Li Zhouzhe 李宙哲

Personal information
- Full name: Li Zhouzhe
- Date of birth: 1944
- Place of birth: Jixi, China
- Date of death: 2002 (aged 57)
- Place of death: Beijing, China
- Height: 1.68 m (5 ft 6 in)
- Position(s): Right winger

Senior career*
- Years: Team / Apps / (Gls)
- 1964–1976: Air Force Football Team

International career
- 1969–1976: China

Managerial career
- Bayi
- 1996–1997: Harbin Lange

= Li Zhouzhe =

Chinese footballer

Li Zhouzhe (李宙哲 (李宙哲, Lǐ Zhòuzhé); 1944 — 2002) was a Chinese footballer who played as a right winger.

==Playing career==
In 1964, Li began his senior career with the Air Force Football Team.

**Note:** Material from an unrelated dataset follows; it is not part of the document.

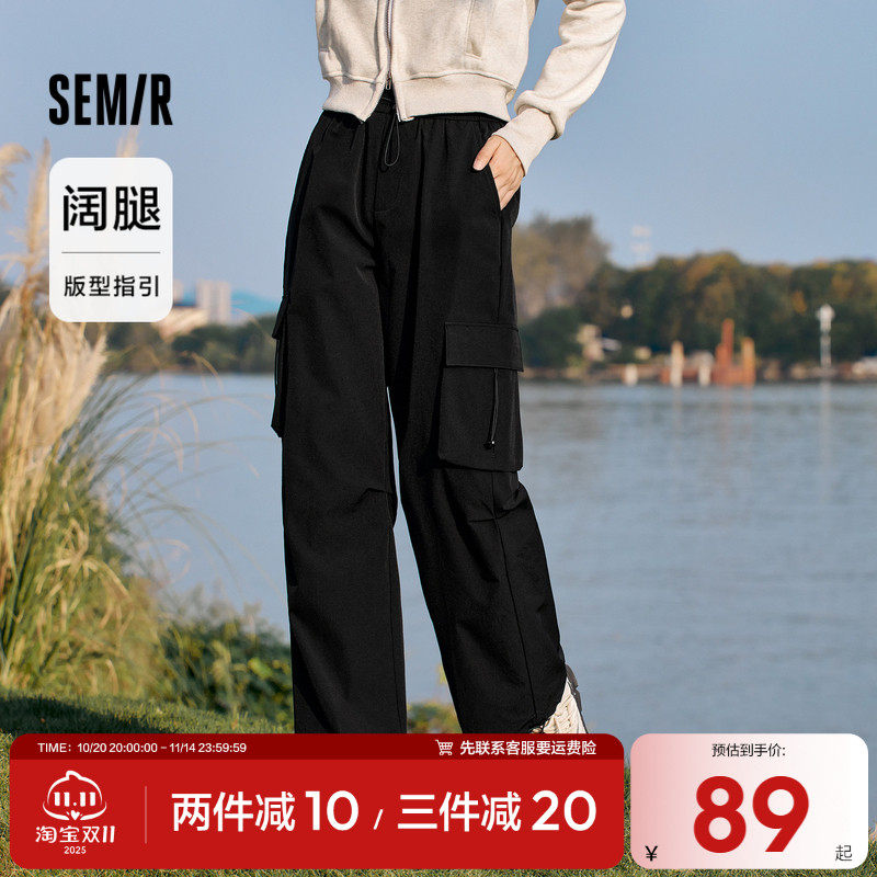 森马休闲裤女抽绳工装裤甜酷潮流简...

In 1969, Li's performances led to him being called-up for China. Li played in both the 1974 Asian Games and the 1976 AFC Asian Cup, scoring a hat-trick against Brunei in a 10–1 victory whilst qualifying for the latter tournament on 19 June 1975.

==Managerial career==
In 1977, following his retirement from football a year prior, Li began coaching at Bayi, managing the first team, second team and youth teams for a period of 18 years.

In December 1996, Li was appointed head coach of newly formed club Harbin Lange. On 13 May 1997, Li was sacked from Harbin Lange due to poor results.